=== Section Start ===

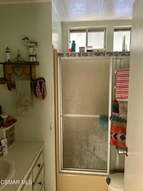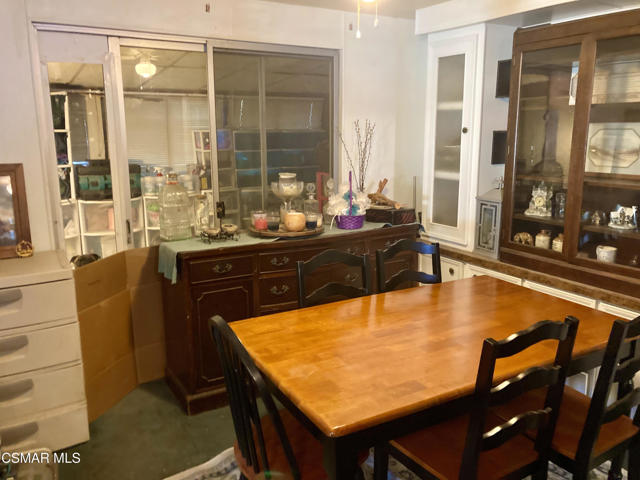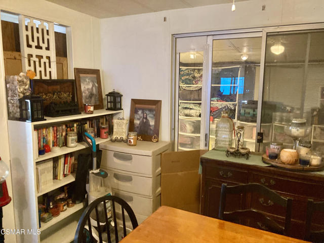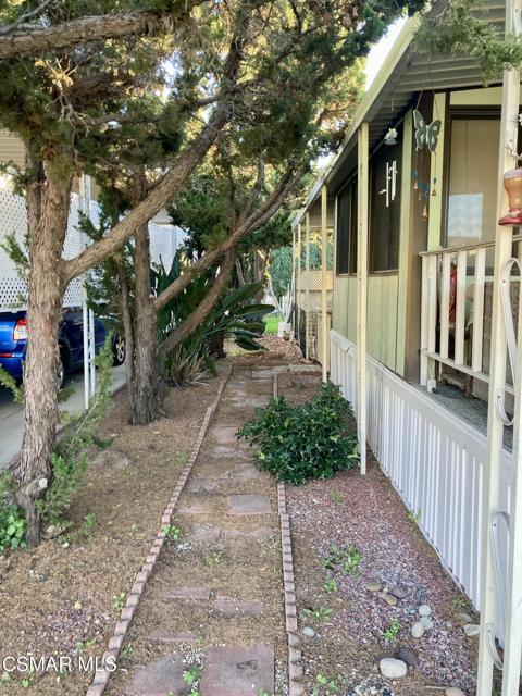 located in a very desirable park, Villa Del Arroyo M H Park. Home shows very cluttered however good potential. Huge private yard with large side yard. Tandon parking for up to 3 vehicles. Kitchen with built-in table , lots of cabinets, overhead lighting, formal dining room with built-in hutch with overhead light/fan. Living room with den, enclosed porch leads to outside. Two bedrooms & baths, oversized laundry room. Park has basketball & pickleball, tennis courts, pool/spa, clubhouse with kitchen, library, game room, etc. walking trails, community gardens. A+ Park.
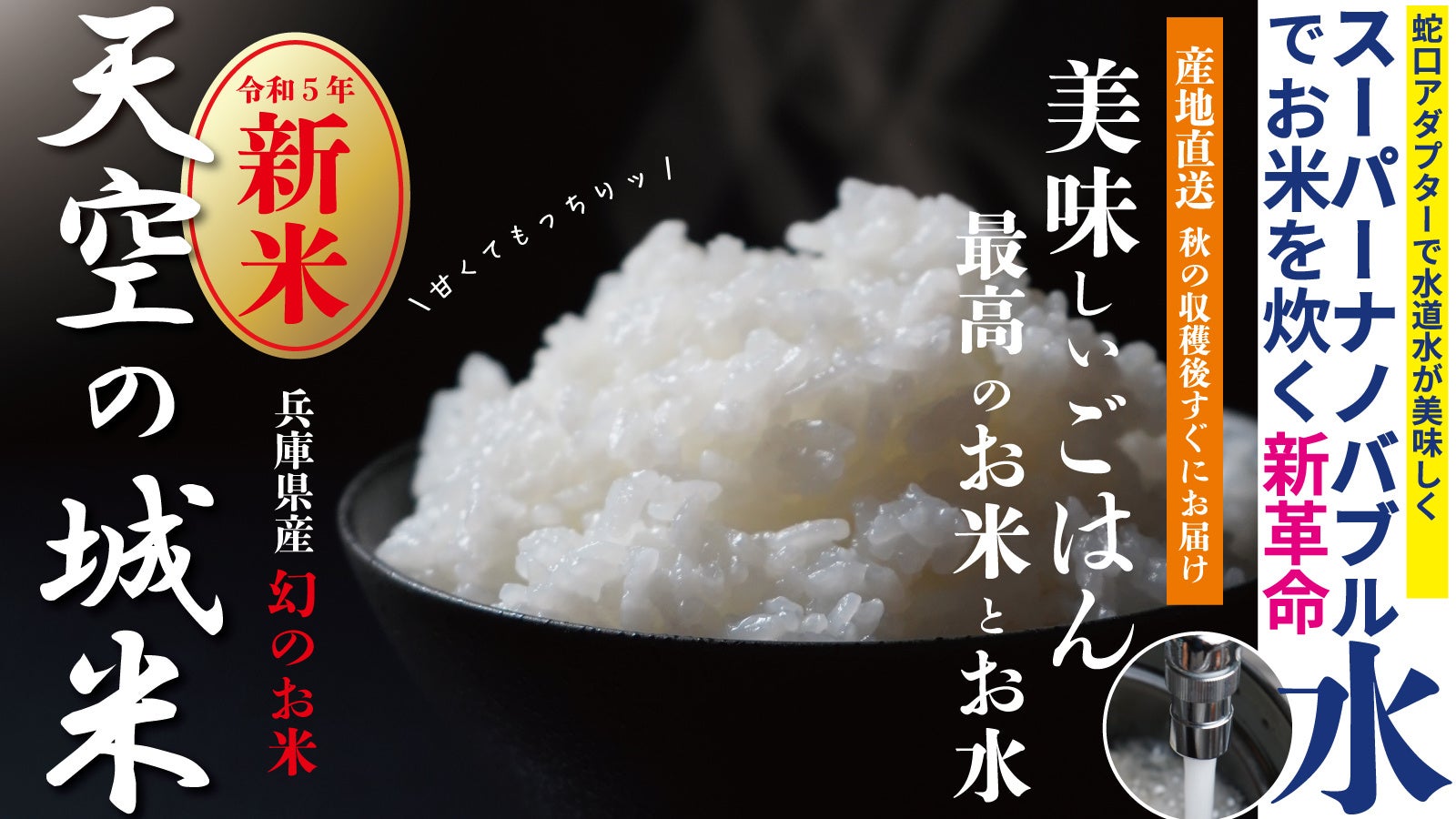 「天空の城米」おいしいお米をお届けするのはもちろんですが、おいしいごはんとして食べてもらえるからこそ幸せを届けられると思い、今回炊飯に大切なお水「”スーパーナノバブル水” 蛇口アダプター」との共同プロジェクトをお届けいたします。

=== Section End ===
=== Section Start ===

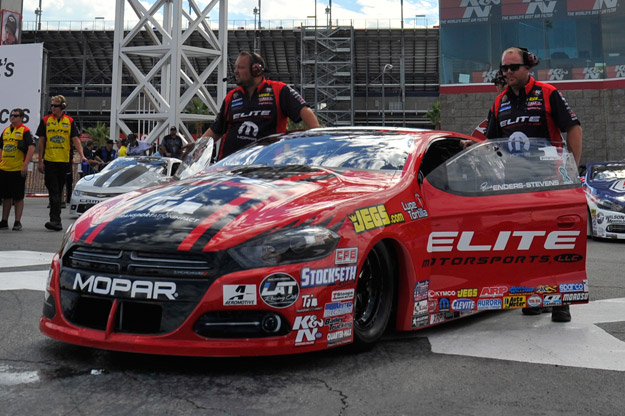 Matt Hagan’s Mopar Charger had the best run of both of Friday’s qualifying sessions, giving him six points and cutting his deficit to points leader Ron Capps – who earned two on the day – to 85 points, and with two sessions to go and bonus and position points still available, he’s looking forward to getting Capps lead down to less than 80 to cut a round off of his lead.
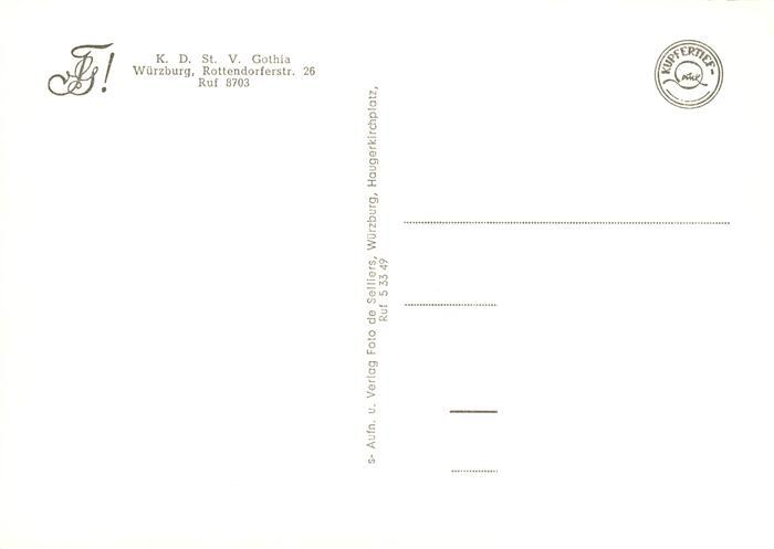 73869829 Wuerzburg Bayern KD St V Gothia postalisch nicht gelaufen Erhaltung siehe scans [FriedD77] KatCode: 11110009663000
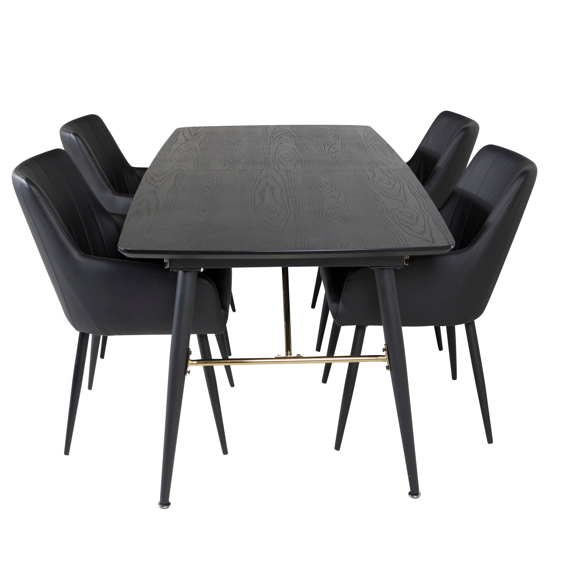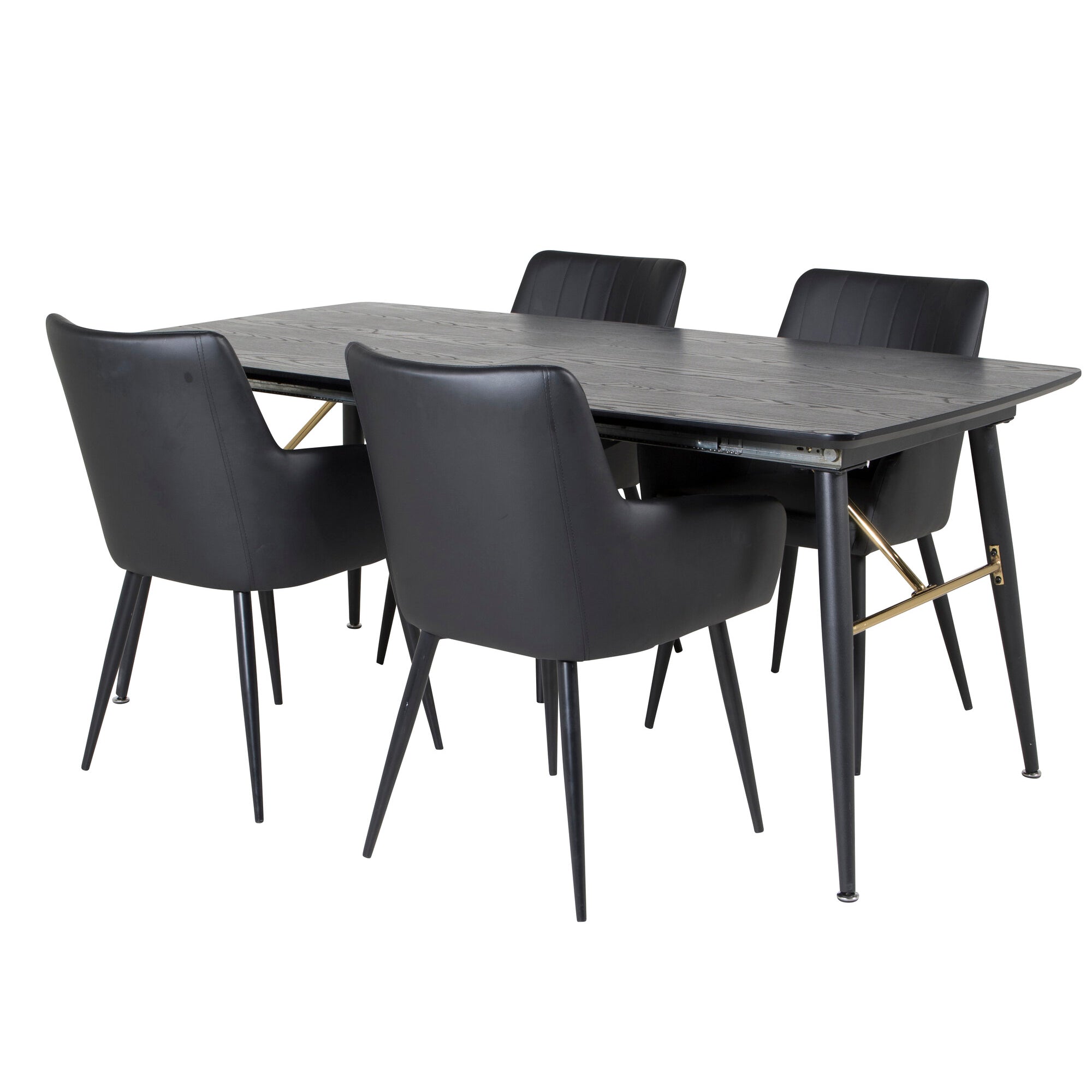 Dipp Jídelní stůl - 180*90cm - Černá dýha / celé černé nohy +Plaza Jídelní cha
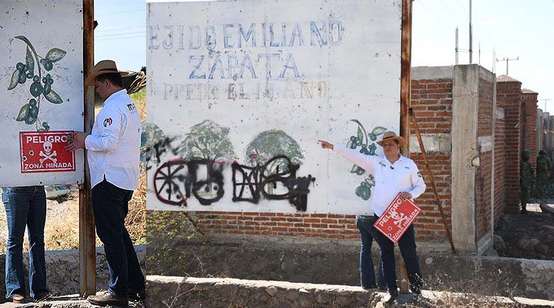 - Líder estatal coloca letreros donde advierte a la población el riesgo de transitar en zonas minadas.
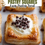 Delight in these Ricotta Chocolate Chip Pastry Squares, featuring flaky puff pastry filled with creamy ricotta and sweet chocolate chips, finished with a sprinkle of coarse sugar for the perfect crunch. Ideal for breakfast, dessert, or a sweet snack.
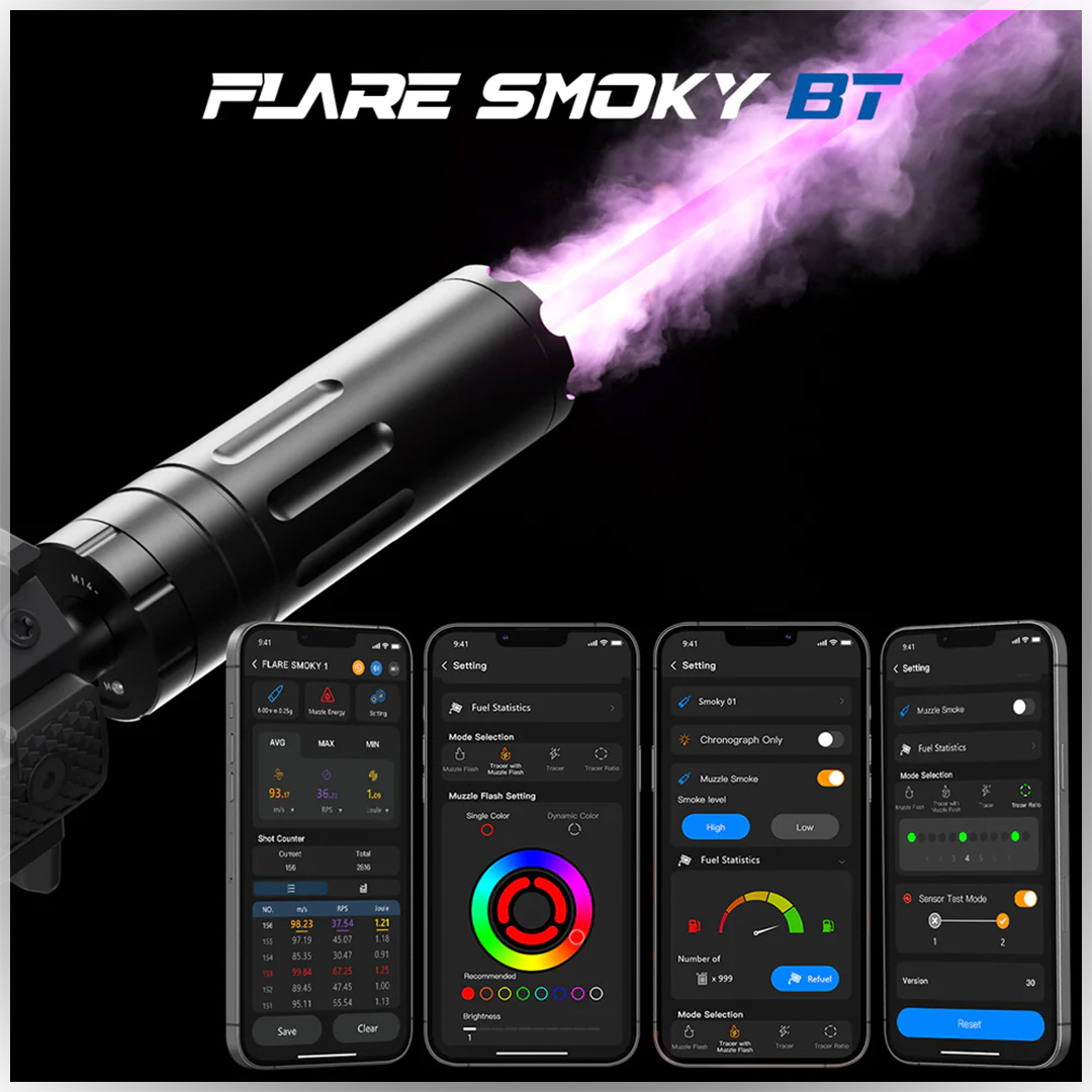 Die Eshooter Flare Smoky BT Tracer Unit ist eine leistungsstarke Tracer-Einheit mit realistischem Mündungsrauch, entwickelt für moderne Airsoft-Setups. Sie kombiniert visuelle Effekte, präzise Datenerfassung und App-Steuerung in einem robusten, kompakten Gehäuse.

=== Section End ===
=== Section Start ===

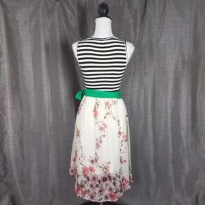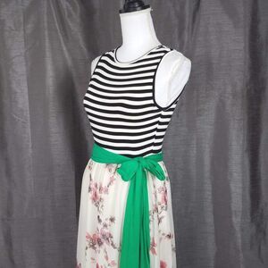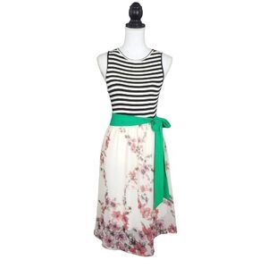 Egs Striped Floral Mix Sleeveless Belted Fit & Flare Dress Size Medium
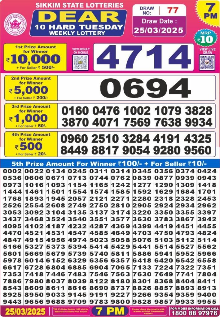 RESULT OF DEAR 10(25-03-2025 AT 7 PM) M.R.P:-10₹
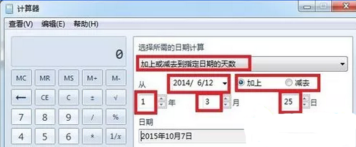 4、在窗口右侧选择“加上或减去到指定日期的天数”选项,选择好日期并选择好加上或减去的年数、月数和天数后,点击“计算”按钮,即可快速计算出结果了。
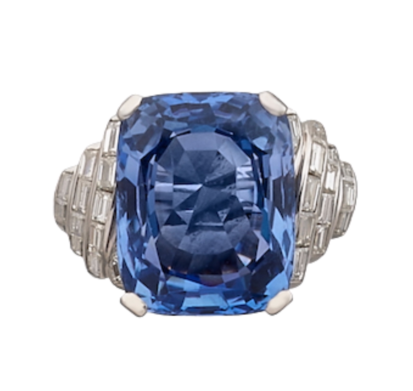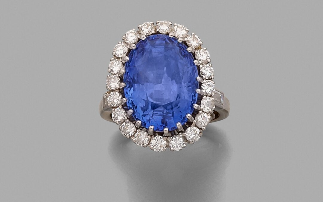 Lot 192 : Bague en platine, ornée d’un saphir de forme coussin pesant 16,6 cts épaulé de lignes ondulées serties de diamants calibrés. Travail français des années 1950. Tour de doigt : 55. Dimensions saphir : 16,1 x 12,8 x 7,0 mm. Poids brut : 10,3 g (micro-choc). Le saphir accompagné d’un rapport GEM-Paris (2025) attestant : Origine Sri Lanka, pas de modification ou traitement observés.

=== Section End ===

__WORK ITEM__. Without the pictures, give again exactly the lines above starting at the line containing "- Líder estatal" and ending at the line containing "Delight in these".

__OUTPUT OF THE EXERCISE__.
 - Líder estatal coloca letreros donde advierte a la población el riesgo de transitar en zonas minadas.
 Delight in these Ricotta Chocolate Chip Pastry Squares, featuring flaky puff pastry filled with creamy ricotta and sweet chocolate chips, finished with a sprinkle of coarse sugar for the perfect crunch. Ideal for breakfast, dessert, or a sweet snack.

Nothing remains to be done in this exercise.